The rise of the Pentax SLR

Let me introduce you to Ned, AKA Teddy Shorts.

Teddy Shorts is one of my three fine brothers, and he is amazing.

There are only one and a half years’ age difference between me and Ned, so we have a lot of growing-up memories in common including Smokey and the Bandit; India Jones; our respective pet Gerbils (Jeremy Shaver and Eddie); LEGO; camping holidays; The DANDY and The BEANO comics; and playing Roland in Time on our 1980s Amstrad PC.

Ned has many interests in life amongst which perfecting his chilli con carne recipe and taking beautiful photos rank highly. These are the Dorset Nagas that he has nurtured from seed to lend his cooking extra spiciness.

The photo was taken using the Pentax SLR which he has very kindly lent me so that I can learn the way of the digital SLR in coming months. I used to have a manual SLR when I was 18; the very same old film camera which my Mum was given for her eighteeneth birthday. It was a PRAKTIKA and I loved exploring the behaviours of light with its shutter speeds and apertures, and the act of crafting photos with it and setting up all the parameters before taking a shot. But in recent years, I abandoned this approach in favour of the far quicker point-and-shoot method. This was a good strategy for a while and I cannot fault the portability or ease of use of the point and shoot camera.

However, light waves and sound waves and seeing and listening are very subtle phenomena. What I have loved so much about bringing the Audio Technica microphone into my sonic practice, is how using that microphone extends and enhances the act of hearing. When I was recording some pigeons the other day with that microphone, I noticed that the microphone was not only documenting the cooing sound as I hear it, but also picking up on some details in the sound which I hadn’t noticed before. In other words, recording the pigeon with my device made me listen differently.

Using the Audio Technica/FOSTEX FR-2LE set up is more cumbersome and time-consuming than using the portable, handheld EDIROL is. But I often feel that I can do a far better job of capturing sounds as I hear them with this kit than I can with the EDIROL. To explain; Because of its cardioid pick-up pattern, I can focus in on a particular sound with the Audio Technica; I can get very close to it; I can concentrate my listening into a distinct area and I can foreground something from the soundscape in a very deliberate way. This is what the ear does; it can select a single sound from many sounds and focus in on it. The ear can allow background chatter to drop to a vague wash in order to listen in on a single conversation, and so it is with the Audio Technica mic.

I have noticed that using SLRs and specific lenses – where you have more control over the parameters, the area of focus, the depth of field, etc. – do a similar job of helping you to show in your photography which specific thing you want to capture when you take your photo.

Listen!

The onboard microphones inside the EDIROL will get a great general picture of a sound; they will record a general wash of what is going on and it will be perfectly acceptable.

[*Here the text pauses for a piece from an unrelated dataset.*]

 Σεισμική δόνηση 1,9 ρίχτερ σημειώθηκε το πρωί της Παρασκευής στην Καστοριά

But they will not pluck the one sound of a motorbike engine from amidst the thrum of many engines when you are honing in on such a sound, and they will not show in crystalline detail, the way that a pigeon’s coo resonates inside it’s chest.

Likewise, the Pentax Optio has taken many great pictures for me over the years; general pictures with good clarity, and an excellent documentary quality. But it cannot hone in on the extremely specific details of things that I see, unlike my eyes which do notice specifics, such as how delicate the edges of Wisteria petals are, and how gritty and rugged the surfaces of old bricks appear.

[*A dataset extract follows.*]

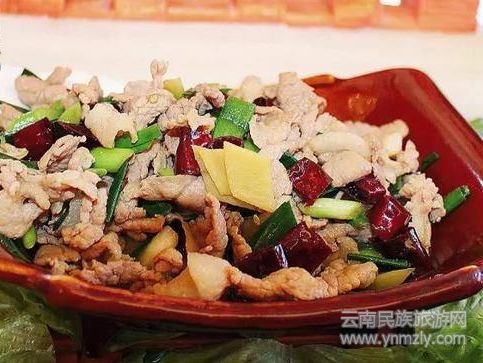 宣威小炒肉那么好吃,那么出名是為什么嗎?其實道理很簡單,我們宣威的土豬和我們宣威人一樣愛吃大洋芋,一天比我們吃得多得多,它們覺得它們的生活待遇和人類一樣一樣的,所以一天老高興啦,在舒適愉快的環(huán)境里生長出來的豬肉自然稚嫩,香氣撲鼻,吃起來有快樂感。

Over the years I have banged on and on here about my love of the sounds of the blackbirds, but it wasn’t until Ned lent me his old SLR that I have been able to capture and show you which bird that is.

…so I had a very happy time on Friday wandering around Chichester with Ned, his Pentax SLR, and a big sack o’ lenses. I insisted on dragging him to the inauspicious-looking WOOLSTAPLERS ROAD, so-named in recognition of the successful wool-grading business which operated there for a couple of hundred years. One Ebenezer Prior and his sons ran a wool-grading establishment in Chichester for a very long time, and fleeces from all along the South East Coast of the UK were taken there for grading and sorting. Now all that testifies to this once-great-enterprise is the Woolstapler’s Carpark where one of the buildings once stood, and the name of the road.

You will all be pleased to learn that Chichester is possessed of excellent bricks.

This next one is for Kate, who as we all know, is the queen of the OWLS.

I am not sure what he was doing there, but this big iron owl was sitting on a wall in the same street as this wonderful clock.

Once I got home on Friday, I couldn’t resist taking further photos of brickwork, but this brickwork is knitted.

Joey also could not escape my inquiring lens, although he was moving too fast for me to get him in focus!

So THANK YOU Teddy Shorts for this amazing lend. I am really excited to have a new way of seeing/photographing! And now I’ll be getting back to those brickwork swatches…

I hope you all are having the most wonderful Bank Holiday Weekend!